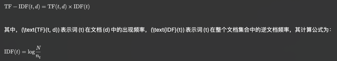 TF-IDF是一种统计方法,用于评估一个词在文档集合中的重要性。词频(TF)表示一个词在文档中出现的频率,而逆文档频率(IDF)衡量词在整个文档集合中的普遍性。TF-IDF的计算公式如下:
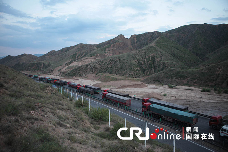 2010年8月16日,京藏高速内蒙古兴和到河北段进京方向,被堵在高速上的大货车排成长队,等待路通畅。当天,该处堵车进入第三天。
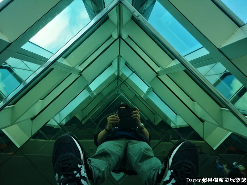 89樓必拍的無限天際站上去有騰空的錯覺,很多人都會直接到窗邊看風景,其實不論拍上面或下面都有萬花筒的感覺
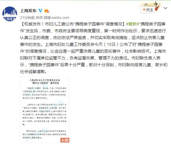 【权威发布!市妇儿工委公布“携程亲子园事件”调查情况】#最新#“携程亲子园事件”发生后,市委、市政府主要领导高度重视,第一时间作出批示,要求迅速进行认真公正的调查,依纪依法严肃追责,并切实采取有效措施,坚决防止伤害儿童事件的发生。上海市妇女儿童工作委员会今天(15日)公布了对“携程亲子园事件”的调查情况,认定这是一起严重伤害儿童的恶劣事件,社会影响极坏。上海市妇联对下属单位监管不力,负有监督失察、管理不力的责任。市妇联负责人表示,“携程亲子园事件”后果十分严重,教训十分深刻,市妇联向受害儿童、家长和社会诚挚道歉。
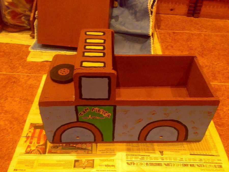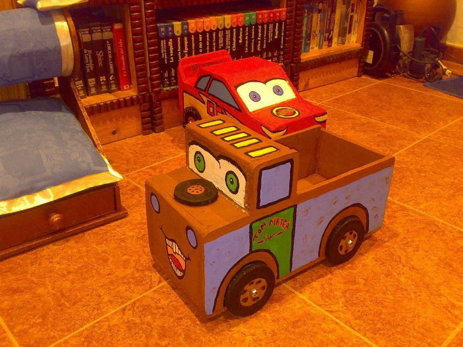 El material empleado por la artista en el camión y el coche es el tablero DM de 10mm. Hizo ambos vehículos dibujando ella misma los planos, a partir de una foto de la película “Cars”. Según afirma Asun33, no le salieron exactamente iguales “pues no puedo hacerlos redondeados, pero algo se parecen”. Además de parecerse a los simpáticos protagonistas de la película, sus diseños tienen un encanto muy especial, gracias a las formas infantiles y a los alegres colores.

* * *

Give back exactly the run of lines that opens the material above and ends at the line with "89樓必拍的無限天際站上去有". Omit the pictures.

 TF-IDF是一种统计方法,用于评估一个词在文档集合中的重要性。词频(TF)表示一个词在文档中出现的频率,而逆文档频率(IDF)衡量词在整个文档集合中的普遍性。TF-IDF的计算公式如下:
 2010年8月16日,京藏高速内蒙古兴和到河北段进京方向,被堵在高速上的大货车排成长队,等待路通畅。当天,该处堵车进入第三天。
 89樓必拍的無限天際站上去有騰空的錯覺,很多人都會直接到窗邊看風景,其實不論拍上面或下面都有萬花筒的感覺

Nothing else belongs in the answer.